Joe Hoare

Personal information
- Full name: Joseph Henry Hoare
- Date of birth: November 1881
- Place of birth: Southampton, England
- Date of death: 24 March 1947 (aged 65)
- Place of death: West End, Hampshire, England
- Position: Full-back

Youth career
- Southampton Oxford

Senior career*
- Years: Team / Apps / (Gls)
- 1902–1903: Southampton / 4 / (0)
- 1903–1904: Liverpool / 7 / (0)
- 1904–1905: Southampton / 3 / (0)
- 1905–1908: Bitterne Guild
- 1908–1909: Salisbury City
- 1909–1912: Bitterne Guild
- 1912–1914: Woolston

= Joe Hoare =

English footballer (1881–1947)

Joseph Henry Hoare (November 1881 – 24 March 1947) was an English professional footballer who played as a full-back for Southampton and Liverpool in the 1900s.

==Playing career==
Hoare was born in Southampton and trained as a carpenter and joiner, playing amateur football with Southampton Oxford F.C. He joined Southern League champions Southampton F.C. in 1902 and became understudy to England international George Molyneux. He made his debut on 25 October 1902 in a 2–0 victory over Luton Town but only made three further appearances during the 1902–03 season, at the end of which the "Saints" re-claimed the Southern League championship for the fifth time in seven years. Although he was considered to be "handicapped by a lack of weight, (he) more than compensated for this with his pluck and endurance". At the end of the season he received offers from Reading and Liverpool and chose the latter.

He made seven league appearances for Liverpool during the 1903–04 season, his debut coming on 24 October 1903 at home to Derby Co. with his final match coming against Sheffield United also at home on 12 March 1904.

After losing his place in the Liverpool side following an accident, he decided to return to the south coast, in time for Southampton's summer tour of South America, during which they played teams representing Argentina and Uruguay, winning 8–0 and 8–1 respectively. He went on to make three further league appearances for Southampton at the start of the 1904–05 season, before giving way to new signing, Bob Benson.

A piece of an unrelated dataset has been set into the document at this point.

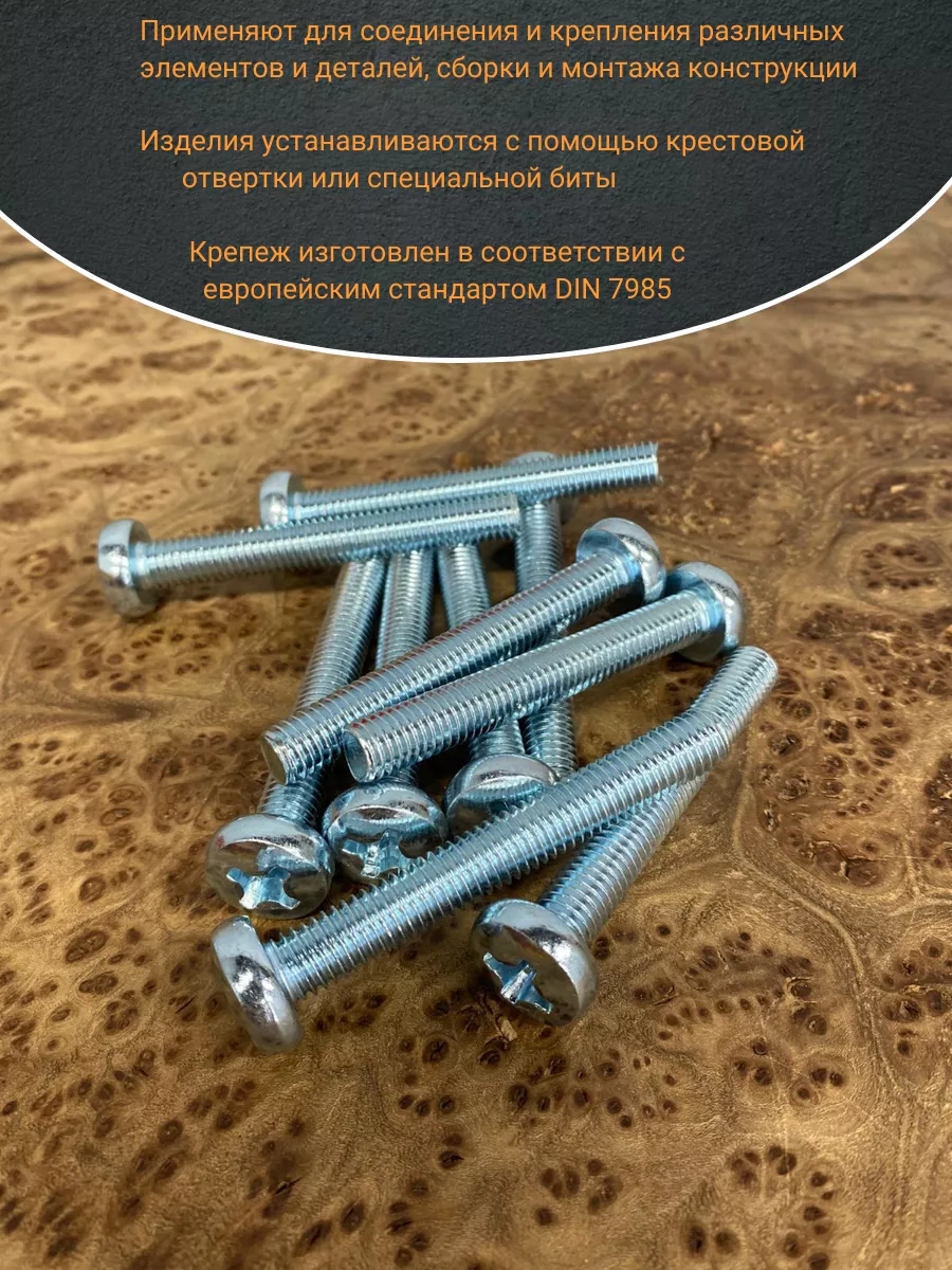 Винт DIN 7985 представляет собой крепежный элемент с полукруглой головкой и шлицем: Philips, Pozi или Torx., подходящим под отвертки и биты. Предназначены для соединения металлических и неметаллических материалов. Винт DIN 7985 используется в производственных, промышленных и строительных областях совместно с шайбами, гайками, втулками и прочими отверстиями с соответствующим размером резьбы, при различных соединениях и креплениях элементов. Производятся из углеродистой стали, нержавеющей стали А2 и А4, латуни, алюминия. Винты, произведенные из углеродистой стали, как правило оцинкованы.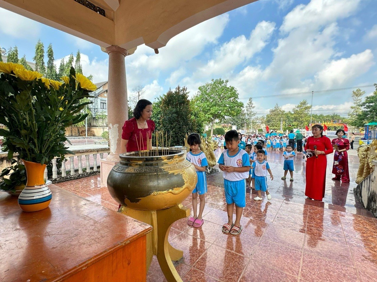 Tại lễ viếng, đại diện lãnh đạo UBND phường, cô và trò trường mầm non Chánh Phú Hòa đã dâng hương và cùng nhau ôn lại truyền thống đấu tranh hào hùng, giữ nước và dựng nước của dân tộc.

He decided to retire from professional football before the end of the season and became the proprietor of a tobacconist's shop in Woolston. He then reverted to amateur football with Bitterne Guild F.C., Salisbury City and Woolston F.C., although he did make one further appearance for the Saints in the 1907 Southern Charity Cup Final.

He died at West End, Hampshire on 24 March 1947.